• Raw data
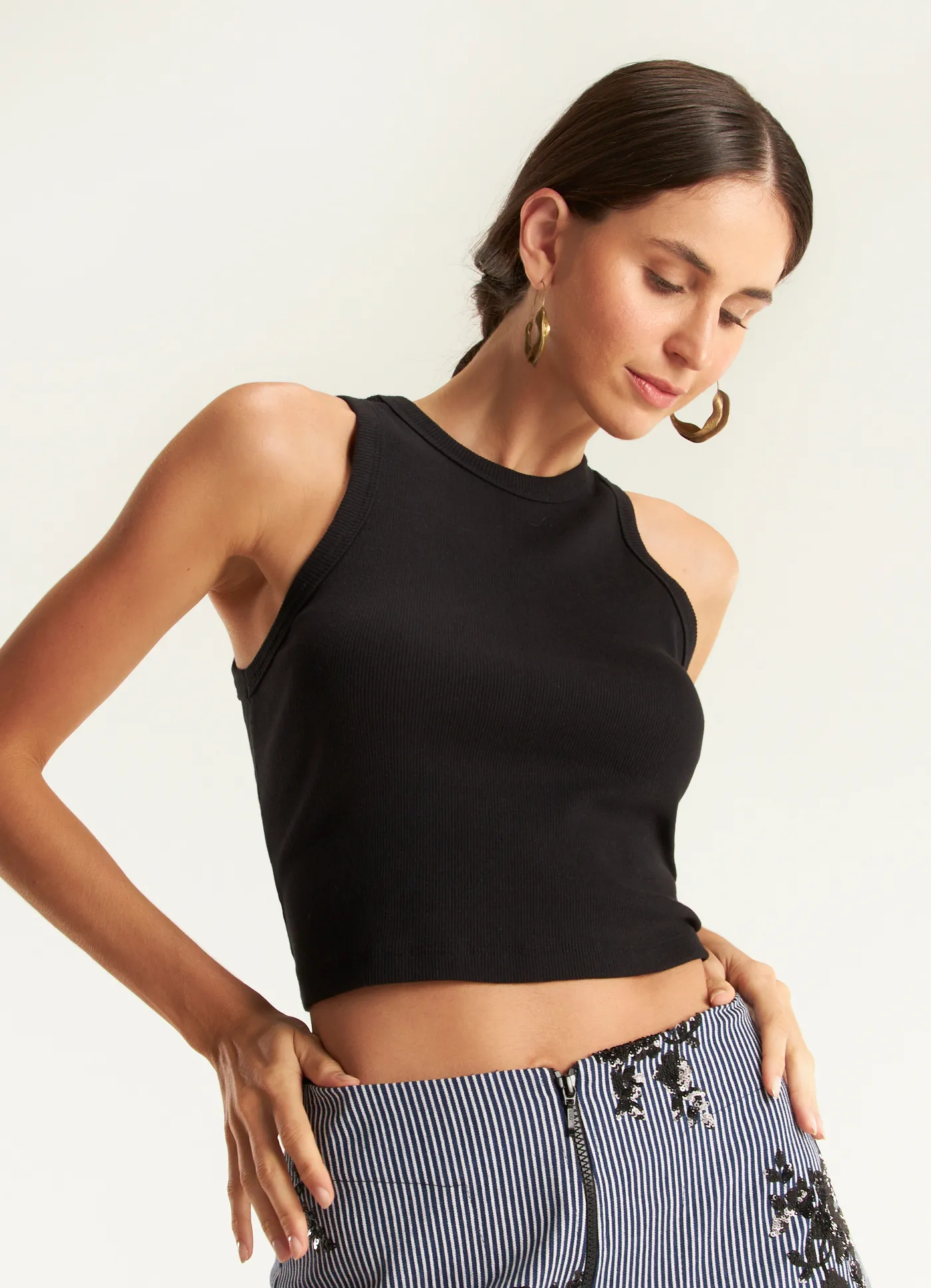 Regata cropped ribana com elastano preto
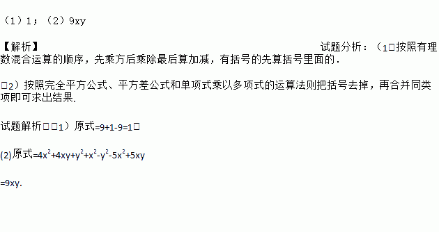 (1)1;(2)9xy 【解析】试题分析:(1)按照有理数混合运算的顺序,先乘方后乘除最后算加减,有括号的先算括号里面的. (2)按照完全平方公式、平方差公式和单项式乘以多项式的运算法则把括号去掉,再合并同类项即可求出结果. 试题解析:(1)原式=9+1-9=1; (2)原式=4x2+4xy+y2+x2-y2-5x2+5xy =9xy.
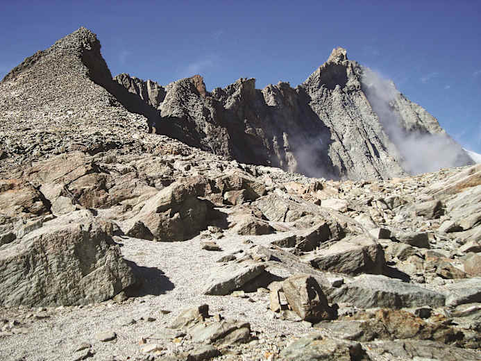 Dauer: Aufstieg 3-4 h, Abstieg 4 h. Schlüsselstelle: Kletterei auf blockartiger Turm und Schlussgrat.
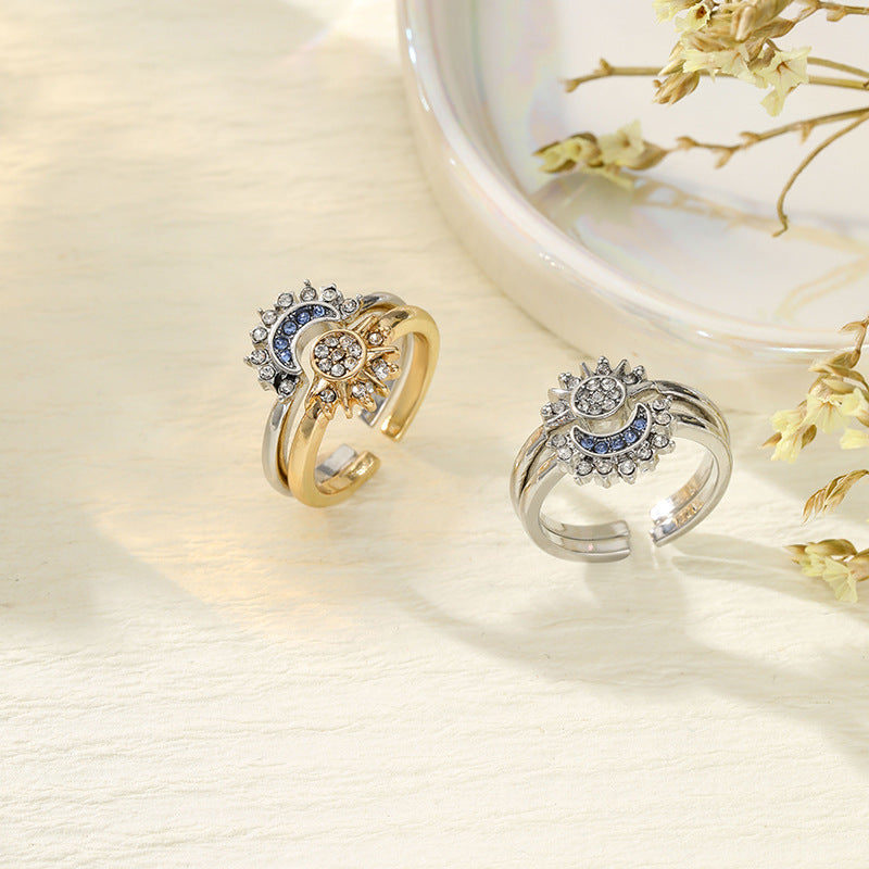 Wholesale Sun and Moon Shine Together, Stacked and Personalized, Simple Design, Diamond-set Sun and Moon Couple Rings
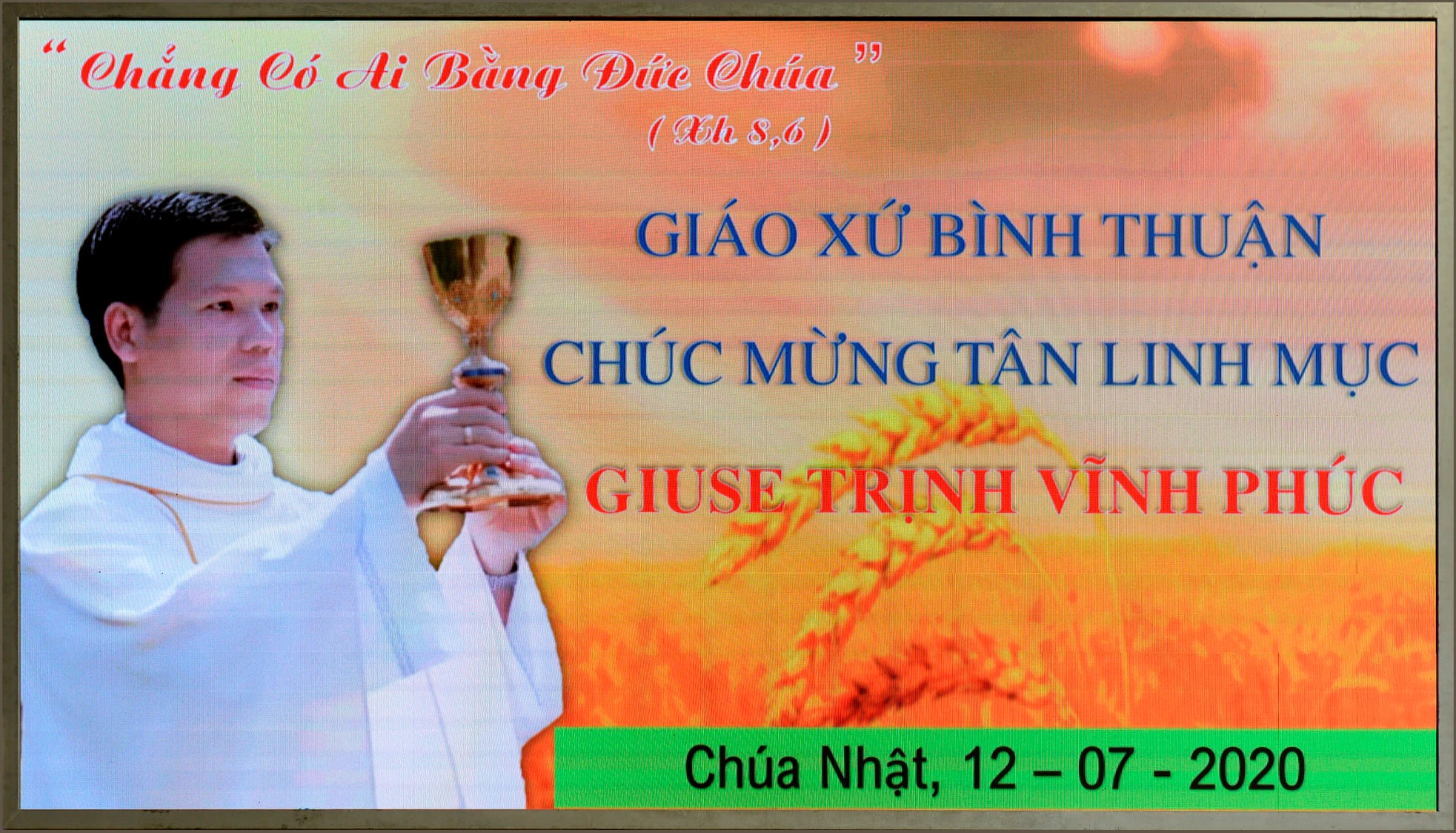 Vào lúc 10 giờ trưa Chúa Nhật ngày 12/7/2020 tại Giáo xứ Mân Côi Bình Thuận – Hạt Tân Sơn Nhì – Tổng Giáo Phận Sài Gòn đã diễn ra Thánh Lễ Tạ Ơn của Tân Linh Mục Giuse Trịnh Vĩnh Phúc (nguyên Phó Tế giúp mục vụ tại Giáo Xứ).
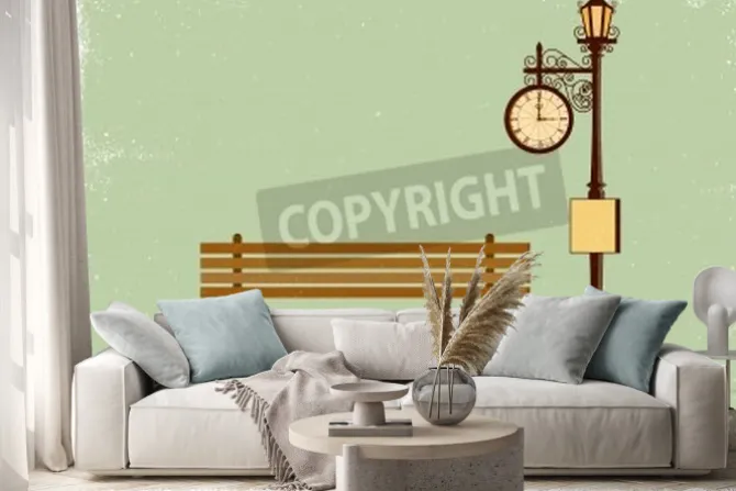 Naklejka: Street clock and lamp post with park bench in vintage vector
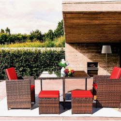 New 5 Pieces Patio Sets Outdoor Wicker Conversation Sets Rattan Chairs with Ottomans and Tempered Glass Table(Beige) New in box LCRF2C2F7, LCRF2T Si$230La Mirada, CA
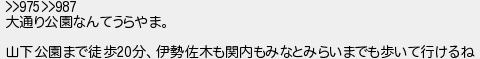 992: (茸) [sage] 2017/05/22(月) 23:03:57.35 ID:fqY8fJDq >>975>>987 大通り公園なんてうらやま。 山下公園まで徒歩20分、伊勢佐木も関内もみなとみらいまでも歩いて行けるね http://egg.5ch.io/test/read.cgi/develop/1494495787/992
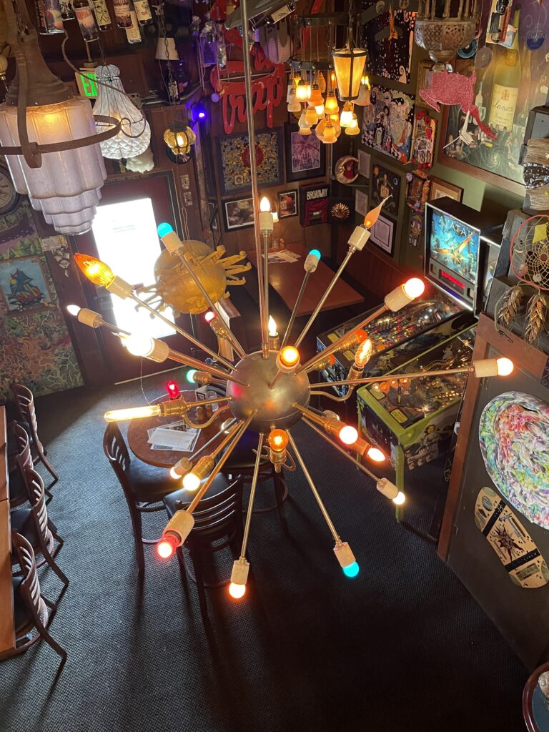 Barley Mill Pub contains an eclectic collection of chandeliers and other art. Tons to look at here!

• Problem to work on
Your copy must repeat the data word for word and show none of its images.

• Response box
 Regata cropped ribana com elastano preto
 (1)1;(2)9xy 【解析】试题分析:(1)按照有理数混合运算的顺序,先乘方后乘除最后算加减,有括号的先算括号里面的. (2)按照完全平方公式、平方差公式和单项式乘以多项式的运算法则把括号去掉,再合并同类项即可求出结果. 试题解析:(1)原式=9+1-9=1; (2)原式=4x2+4xy+y2+x2-y2-5x2+5xy =9xy.
 Dauer: Aufstieg 3-4 h, Abstieg 4 h. Schlüsselstelle: Kletterei auf blockartiger Turm und Schlussgrat.
 Wholesale Sun and Moon Shine Together, Stacked and Personalized, Simple Design, Diamond-set Sun and Moon Couple Rings
 Vào lúc 10 giờ trưa Chúa Nhật ngày 12/7/2020 tại Giáo xứ Mân Côi Bình Thuận – Hạt Tân Sơn Nhì – Tổng Giáo Phận Sài Gòn đã diễn ra Thánh Lễ Tạ Ơn của Tân Linh Mục Giuse Trịnh Vĩnh Phúc (nguyên Phó Tế giúp mục vụ tại Giáo Xứ).
 Naklejka: Street clock and lamp post with park bench in vintage vector
 New 5 Pieces Patio Sets Outdoor Wicker Conversation Sets Rattan Chairs with Ottomans and Tempered Glass Table(Beige) New in box LCRF2C2F7, LCRF2T Si$230La Mirada, CA
 992: (茸) [sage] 2017/05/22(月) 23:03:57.35 ID:fqY8fJDq >>975>>987 大通り公園なんてうらやま。 山下公園まで徒歩20分、伊勢佐木も関内もみなとみらいまでも歩いて行けるね http://egg.5ch.io/test/read.cgi/develop/1494495787/992
 Barley Mill Pub contains an eclectic collection of chandeliers and other art. Tons to look at here!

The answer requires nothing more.